# Problem description
Write out, word for word, each line from the start of the entries through the one holding "图中整理了主界面显示的部分功"; omit the pictures.
#### Material for the task
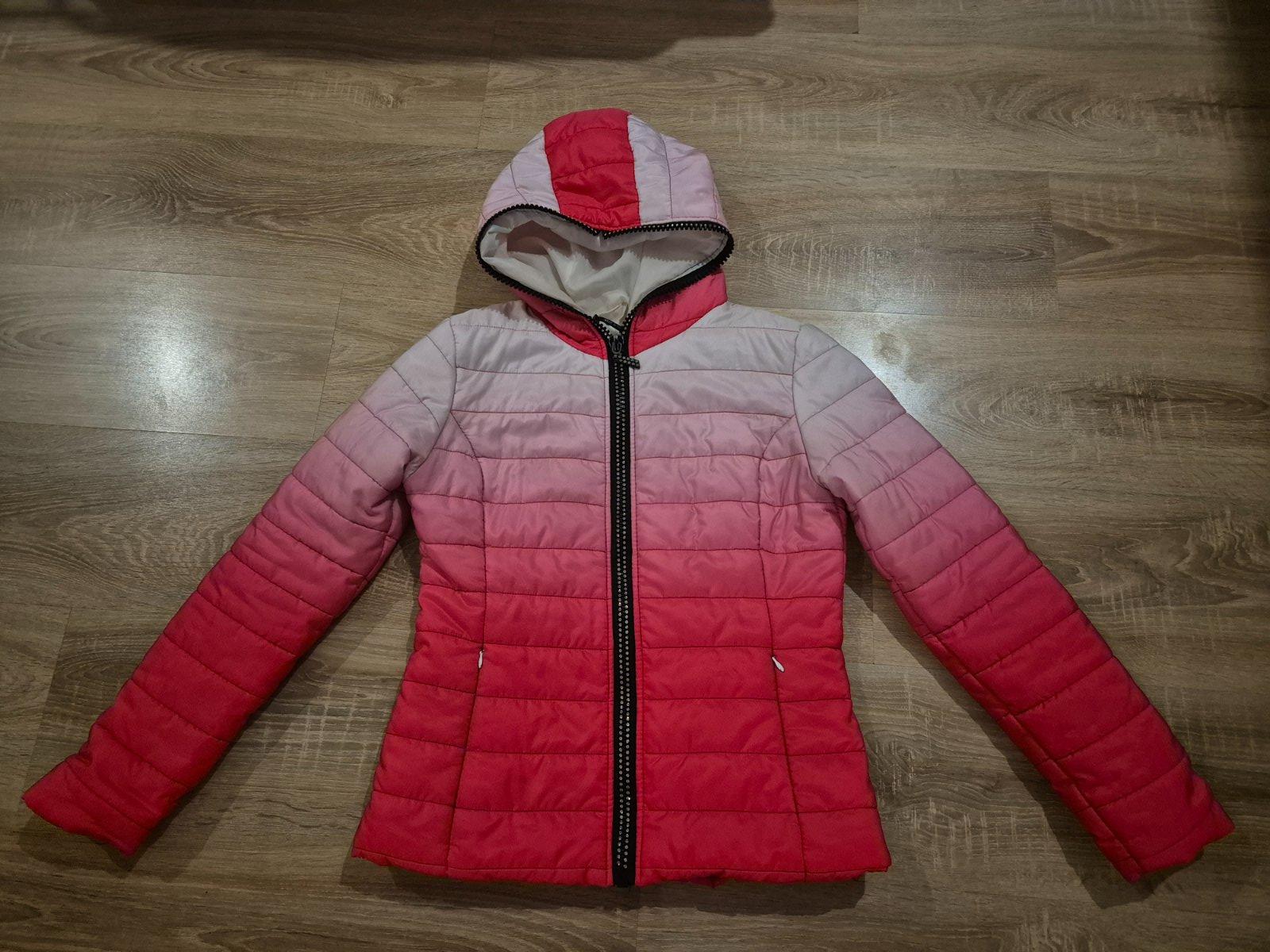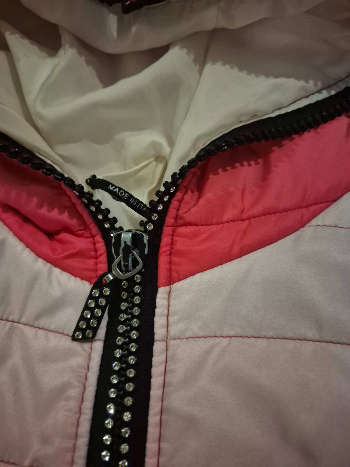 Bundička v peknom stave. V golieri je nerovnomerne rozložená výplň, nevidieť to. Pri nosení vobec nevadilo, len upozorňujem. Po praní treba potriasťˇnech sa urovná. Farba krásna lososovo ružová, re...
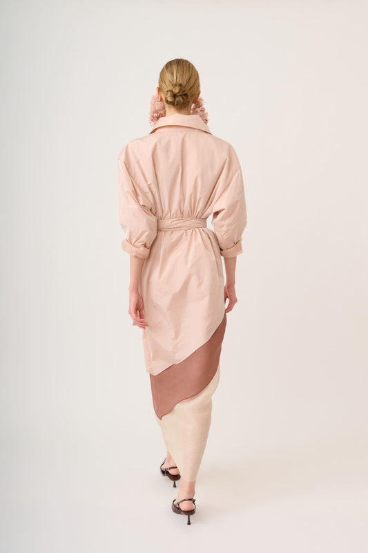 Falda midi de tafetán de cintura alta con paneles asimétricos
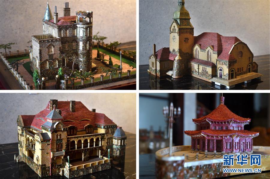 这是4月12日拍摄的纪周统部分贝壳建筑作品:花石楼(左上)、基督教堂(右上)、总督府(左下)、栈桥(右下)。新华社记者 李紫恒 摄
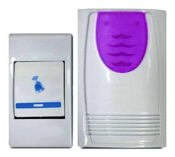 (Timbre inalámbrico, en dos colores, blanco con tapa azul o blanco con tapa violeta. Modelo smart, diseño moderno, control remoto con botón light touch, NO requiere de instalación ni de cableados, es trae un adhesivo para poder colocarlo a su gusto. Su rango es de 100m en espacios abiertos y 50m en hogar. Contiene 32 melodías para elegir, sonido fuerte y claro. El emisor funciona con una pila 23A 12V Incluida en el blíster y el receptor funciona con dos pilas doble AA (NO incluidas) NO es aprueba de agua. Categorizado en: Ferretería)
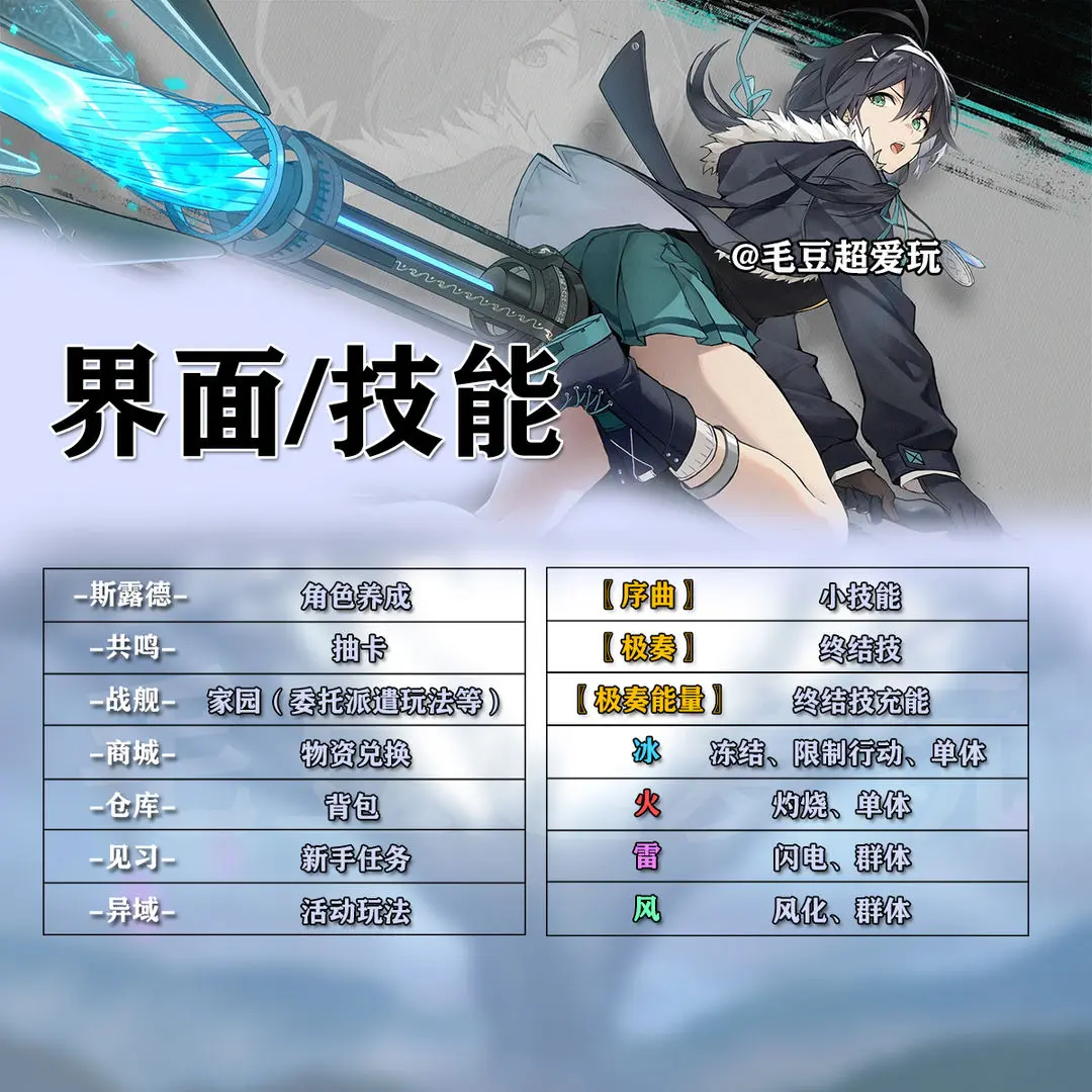 图中整理了主界面显示的部分功能,更细更具体的角色搭配、元素玩法等请看开荒指南之角色推荐篇。
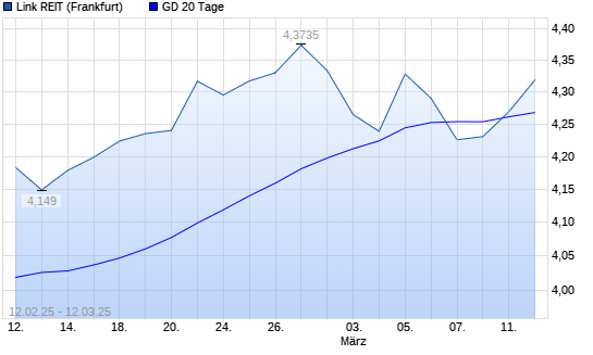 Mit dem Anstieg auf 4,27 EUR hat die Link REIT-Aktie am 11.03.2025 die 20-Tage-Linie nach oben gekreuzt.
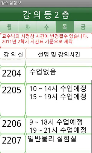 강릉원주대학교 원주캠퍼스 강의실 정보 어플리케이션입니다.
########
# Answer to the exercise
 Bundička v peknom stave. V golieri je nerovnomerne rozložená výplň, nevidieť to. Pri nosení vobec nevadilo, len upozorňujem. Po praní treba potriasťˇnech sa urovná. Farba krásna lososovo ružová, re...
 Falda midi de tafetán de cintura alta con paneles asimétricos
 这是4月12日拍摄的纪周统部分贝壳建筑作品:花石楼(左上)、基督教堂(右上)、总督府(左下)、栈桥(右下)。新华社记者 李紫恒 摄
 (Timbre inalámbrico, en dos colores, blanco con tapa azul o blanco con tapa violeta. Modelo smart, diseño moderno, control remoto con botón light touch, NO requiere de instalación ni de cableados, es trae un adhesivo para poder colocarlo a su gusto. Su rango es de 100m en espacios abiertos y 50m en hogar. Contiene 32 melodías para elegir, sonido fuerte y claro. El emisor funciona con una pila 23A 12V Incluida en el blíster y el receptor funciona con dos pilas doble AA (NO incluidas) NO es aprueba de agua. Categorizado en: Ferretería)
 图中整理了主界面显示的部分功能,更细更具体的角色搭配、元素玩法等请看开荒指南之角色推荐篇。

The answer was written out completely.